As protests over racial inequality grow, companies are finding innovative ways to capture and even propagate the historic movement. Among them is Scorpio — the largest library of authentic photos powered by Artificial Intelligence.
The company was born from the resurgence of protest art, a term used to describe creative works that concern or are produced by activists and social movements. In the age of social media, this form of protest has bloomed into a key mechanism for amplifying and documenting movements. It is estimated that 1.8 billion photos are being shared on social media every day.
Stock image companies have played a significant role in the dissemination of photos, however; Scopio is taking it one step further.
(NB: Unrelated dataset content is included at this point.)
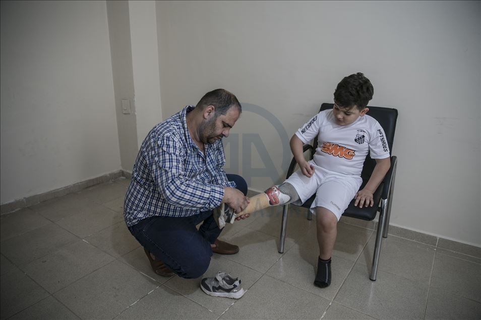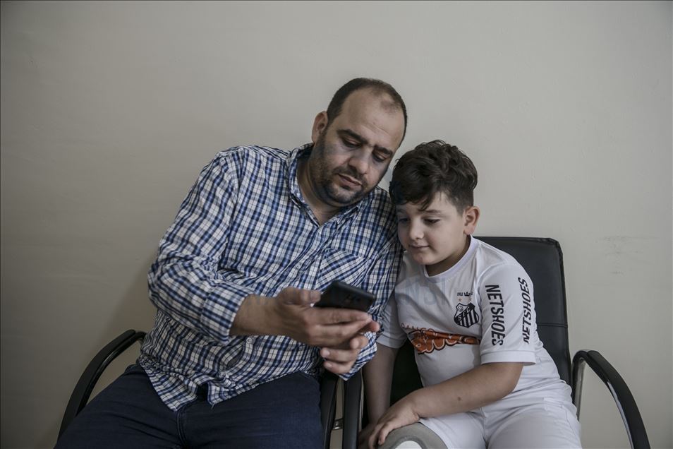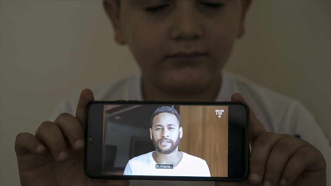 Hamis al Gacir, 8-year-old Syrian boy who lost his right leg in an airstrike in Syria, watches the Brazilian striker Neymar Jr.'s video message of support, in Hatay, Turkey on May 3, 2020.

Through their technologies, the company has found a novel way to democratize contributions to the global stock image repository while addressing the biases learned over time by AI algorithms.
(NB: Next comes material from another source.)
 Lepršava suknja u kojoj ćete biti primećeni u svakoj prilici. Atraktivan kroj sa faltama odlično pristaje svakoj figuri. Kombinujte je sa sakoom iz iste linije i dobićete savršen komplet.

Due to the technicalities of uploading stock images, amateur photographers are often secluded from submission — leading to homogeneity within image contributions and descriptions.
Scopio has developed AI technology to automate language processing, object recognition, and image tagging process, effectively eliminating the barriers faced by amateur photographers and increasing the number of diverse stock images within available repositories.
According to Scopio’s CEO Christina Hawatmeh, “the recent racial injustice in combination with the country’s economic turmoil has led to a major spike in image submissions from the historically underrepresented artist.”
While increasing the number of stock photos in circulation is impactful, the true innovation resides in the technology’s tagging mechanisms. Each image on the world wide web is jammed packed with tags and descriptions, also referred to as metadata.
This metadata dictates how images are described, organized, and presented on search engines and across the web. In essence, determining how the words we search are visually represented.
“Having these diverse images in circulation forces us to broadening our tagging methods. In doing so, we are reteaching AI and broadening perspectives across the world wide web.”